Catherine flat out refused to give a minute of consideration to the tiny, nagging voice inside her head that pointed out, time and again, it was too elaborate to be completely fiction.
“All right.” She sighed as they turned onto a narrow lane. “Let’s say I do believe you—which I don’t. But let’s say I do. Why are you specifically here? In Missouri, I mean.”
A pair of ornate iron gates opened before the pickup, and Iain drove through, shutting them with a button clipped to the visor. He nosed into a vacant spot between at least two dozen other vehicles, all the same pale silver with darkened windows. Iain shut off the engine and stared, vacantly, out the windshield. His voice echoed hollowly. “I failed to protect my seraph. Azazel murdered her, and I have taken sabbatical. I find my heart is no longer capable of believing in a cause that would damn men who have been faithful for centuries to an eternity of suffering.”
Catherine was so unprepared for the raw emotion that poured out o
f his words, she didn’t know what to say. She’d expected another intricately woven fairy tale along the lines of a quest for the Holy Grail, not to hear him confide he didn’t believe in the very thing he wanted her to embrace.

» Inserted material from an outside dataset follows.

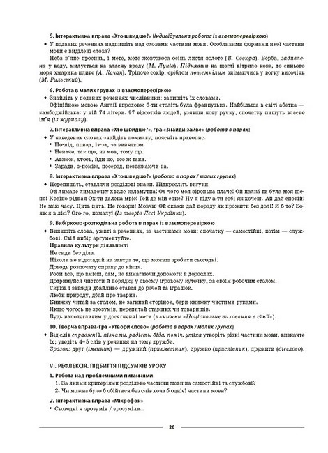 - інтерактивні форми роботи, завдання для роботи в парах, малих і великих групах;

The whole seraph thing ground her stomach into a hard, uncomfortable ball. Just the idea that he could have cared for a woman who was portrayed in such a romantic light, made her nauseous. She didn’t want the leftovers of his heart. She wanted—
Catherine stopped the thought before it could go further. If she balked against believing the rest, there was no reason to get caught up in that part of his story. It couldn’t be much more true than the claim that he intended to introduce her to the archangel Mikhail.
“Come inside, Catherine.” A touch of sorrow fringed his voice as he climbed out of the truck.
Dear Lord, she didn’t want to. Not because she feared discovering Iain was one step away from the loony bin. But because suddenly she was absolutely terrified he might be telling the truth.
Fourteen
Iain shrugged off uncertainty and took Catherine by the hand. That she did not resist, gave him hope he had not totally damned himself by telling her the truth before she was ready. He feared, more than he had ever feared anything, that she would run. Should she, he did not know what he would do. The demonic presence drove him to bring her here as much as his want for her to believe. Mayhap more, for in here, whether she accepted his words or not, she would be safe.
He looked heavenward, praying she would accept him for who he was, then escorted her inside. To his immense relief, the main floor was empty, which prevented subjecting Catherine to the men’s assumptions she was a seraph, and their immediate reaction of swearing fealty upon a knee.
She glanced around curiously, taking in the long lounge, the billiards hall, the newly refinished staircase that led to the rooms Anne and Noelle shared with their mates. Bootsteps echoed in the hall that led to the indoor training room, and Iain hurried Catherine to the stairs that led down into the belly of the temple and to Mikhail’s office.